Data records
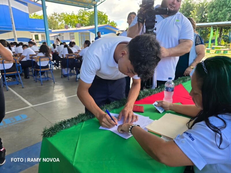 Por su parte, Baxter Téllez, presidente nacional de la Federación de Estudiantes de Secundaria en el Distrito V, destacó que este año se entregan más de 63,000 bonos a bachilleres a nivel nacional.
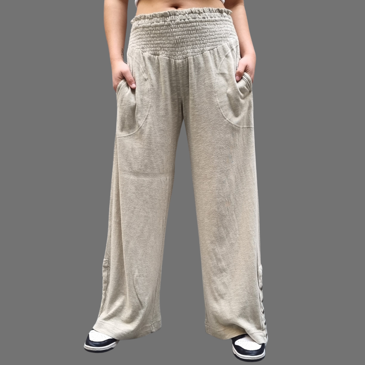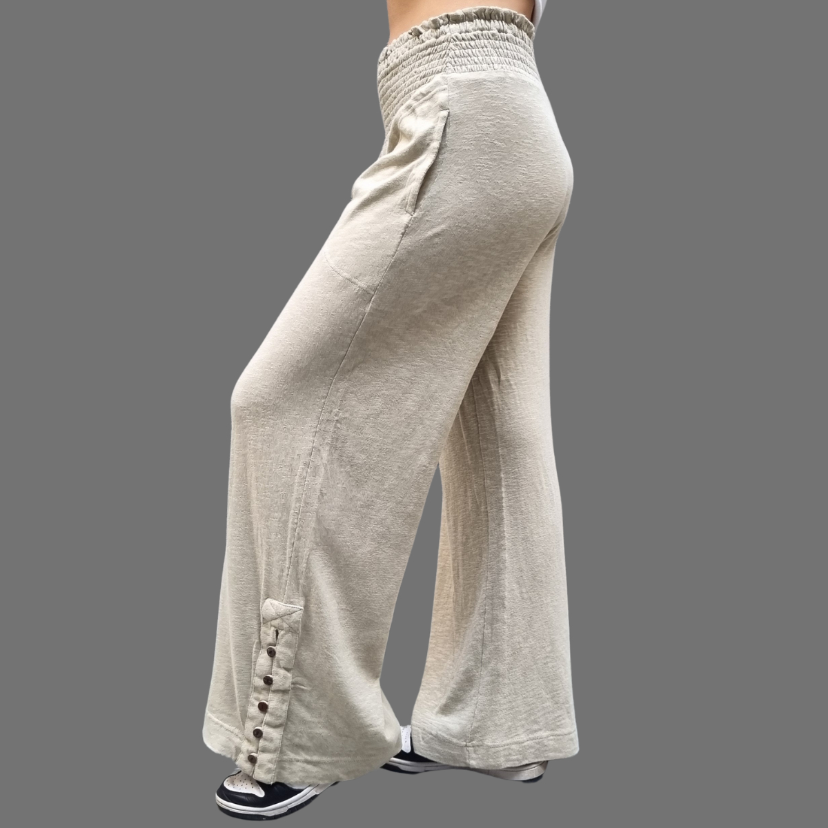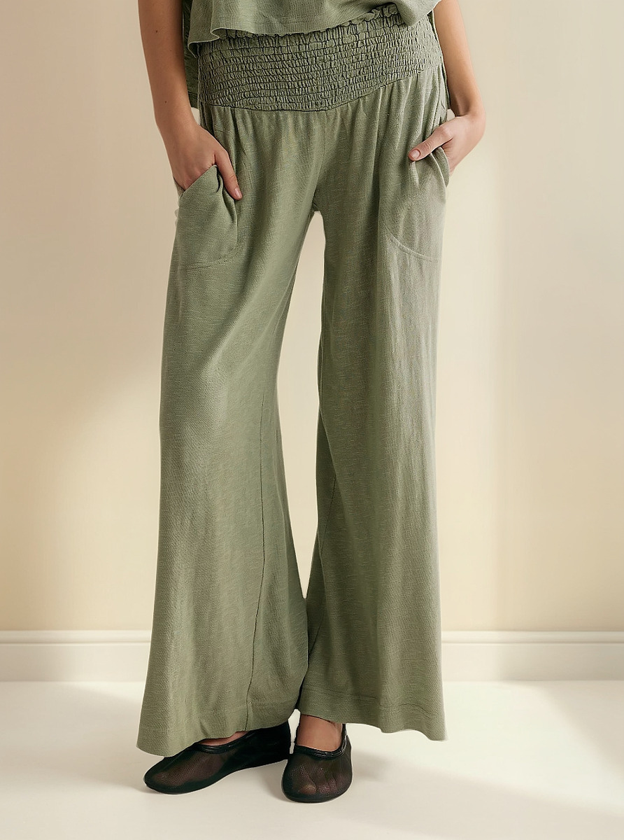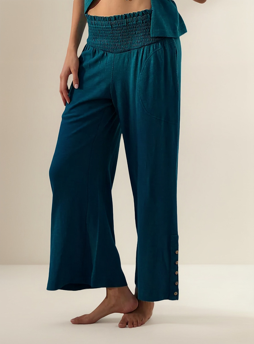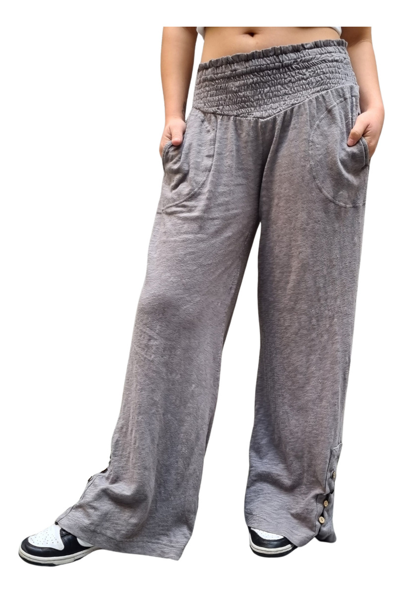 PANTALÓN PALAZZO MANGA ABOTONADA CINTURA ELASTICO
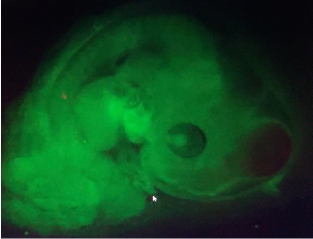 | 名古屋大学院工学研究科化学・生物工学専攻の西島謙一研究室で作出された始原生殖細胞特異的に蛍光タンパク質 (eGFP) を発現するトランスジェニックニワトリ。 |
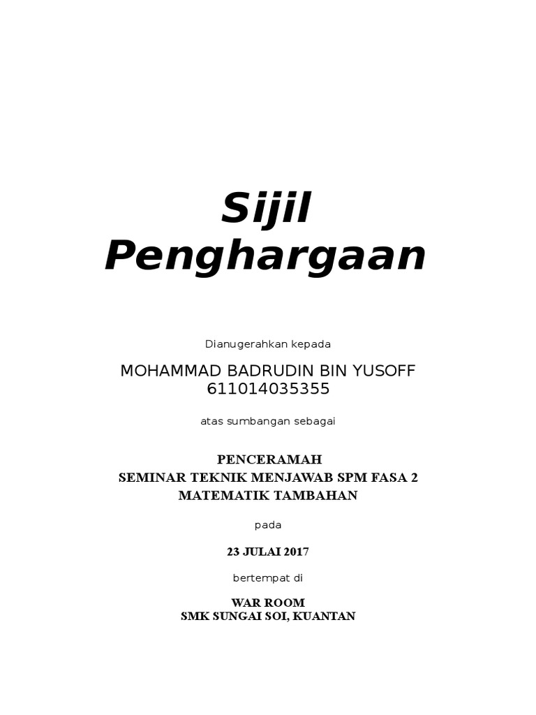 Best Sijil Penghargaan Documents Scribd
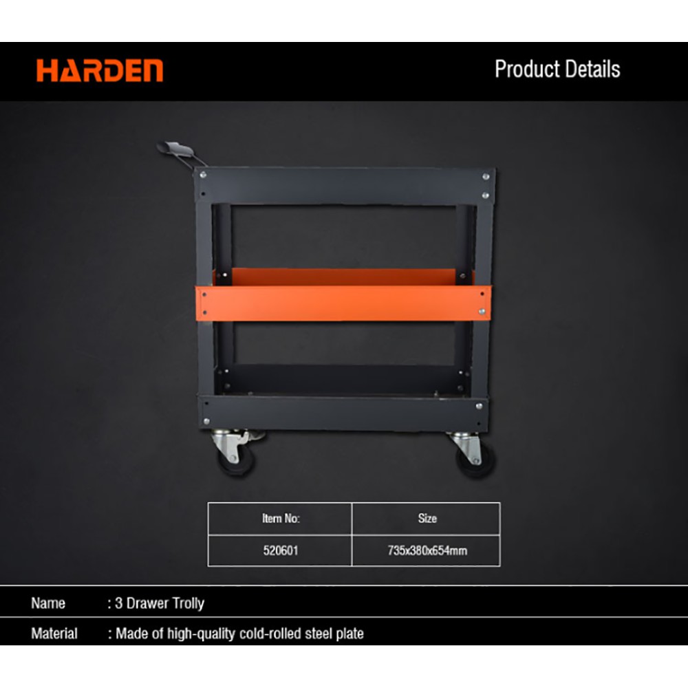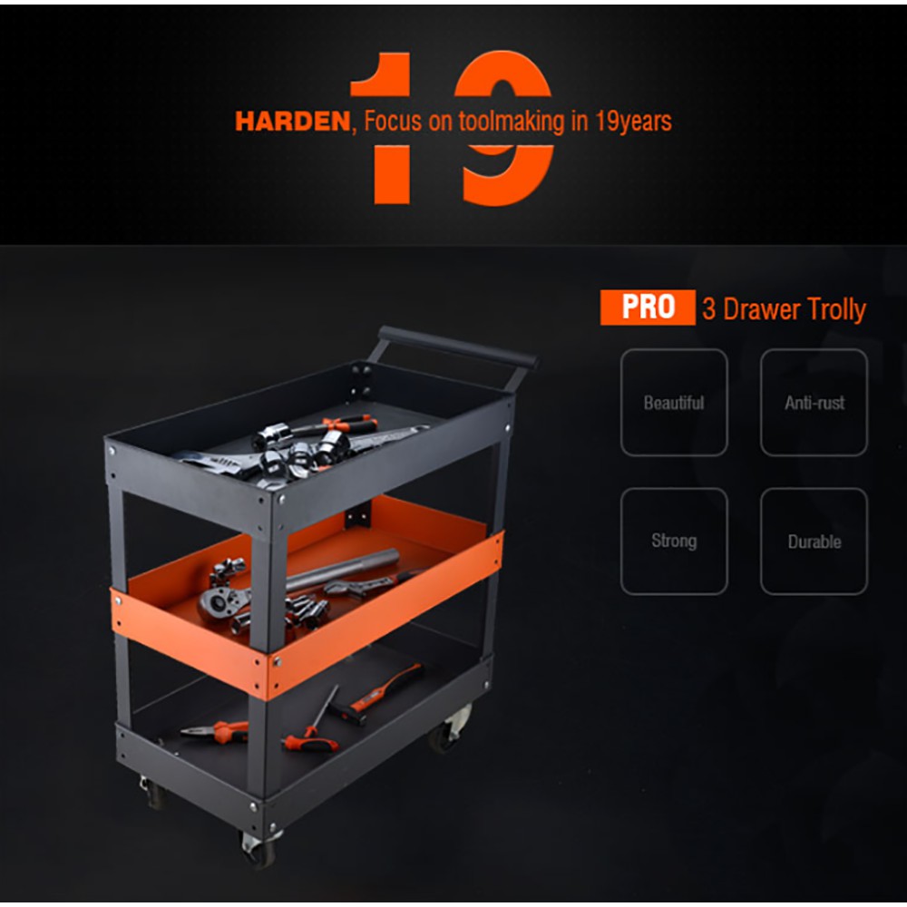 Harden 520601 3 Drawer Trolly (Professional) Household Tool Steel Three Cabinet With Wheels

• _Problem requirements_: All entries must be written out again exactly as given, with no pictures in the copy.

• _Solution to this task_:
 Por su parte, Baxter Téllez, presidente nacional de la Federación de Estudiantes de Secundaria en el Distrito V, destacó que este año se entregan más de 63,000 bonos a bachilleres a nivel nacional.
 PANTALÓN PALAZZO MANGA ABOTONADA CINTURA ELASTICO
 | 名古屋大学院工学研究科化学・生物工学専攻の西島謙一研究室で作出された始原生殖細胞特異的に蛍光タンパク質 (eGFP) を発現するトランスジェニックニワトリ。 |
 Best Sijil Penghargaan Documents Scribd
 Harden 520601 3 Drawer Trolly (Professional) Household Tool Steel Three Cabinet With Wheels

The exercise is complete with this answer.